Я намереваюсь взять последнюю креветку, но меня опережает Гошка. Оказывается, пока я думал о родине, он сожрал всех членистоногих. Да еще и, судя по горе панцирей возле моей тарелки, успел незаметно пододвинуть мне свои объедки. Ну, бог ему судья!

Я собираюсь встать, когда откуда-то сверху Гошке на плечо падает лепешка птичьего дерьма. Впрочем, она такого размера, что впору подумать о священных индийских коровах. Джексон в ужасе мотает головой и бежит за салфетками, а я поднимаю глаза и вижу высоко над нами утиную стаю. Сибиряки держат строй так, словно по краям у них летят охранники с автоматами. И мне вдруг приходит мысль, что птицы просто промахнулись: Гошка с креветками ни при чем! Выстрел должен был достаться мне за непатриотичные мысли. Потому что наши остаются нашими, вне зависимости от времени, когда живешь, и места, где находишься.

Во второй половине дня начинаются настоящие приключения. Мы вместе с «амбассадором» карабкаемся в горы. По сторонам исчезают деревни, их место занимают леса. Нет храмов, нет памятников, нет людей, цепочками идущих по обочинам неизвестно откуда неизвестно куда. Кусты плотнее примыкают к дороге, и чудится, что за каждым из них скрывается дикарь или несколько. Вот слева поднимается струйка дыма, и в окно залетает запах жареного мяса. В какой-то момент я отчетливо вижу руку с томагавком, но Гошка подрезает полет моей фантазии.

— Не выдумывай, — говорит он. — Мы не в Австралии!
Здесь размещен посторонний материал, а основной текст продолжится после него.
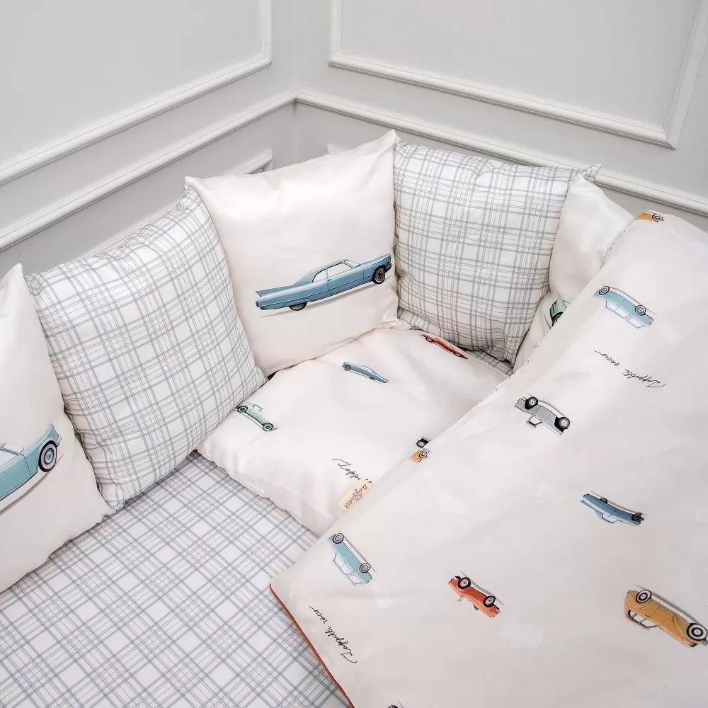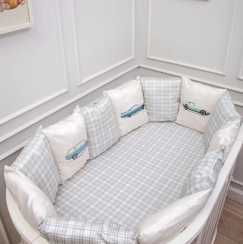 Набор 6пр.для овальной и прямоугольной кроватки "Маленький гонщик" цв.серо-голубой 6153

Ну и пусть, а я все равно убежден, что вот-вот случится что-то непредвиденное. Так и происходит! Мы въезжаем на очередной холм, с которого открывается вид на окрестные леса. Но мой взгляд устремлен не на природу, а на труп мужчины, лежащий метрах в ста от нас прямо посреди дороги. Наверняка это дикарь, погибший в стычке с воинами вражеского племени. Я уже вижу стрелу, торчащую у него из горла! Но водитель зачем-то издалека начинает сигналить. И происходит чудо: перепутав автомобильный клаксон с трубами Судного дня, мертвец опирается рукой о землю и с трудом поднимается. Его качает из стороны в сторону, он пытается уйти от машины, но куда ему, бедолаге! Наверняка он серьезно ранен, а безмозглый водитель едет, наступая ему на пятки, и продолжает гудеть.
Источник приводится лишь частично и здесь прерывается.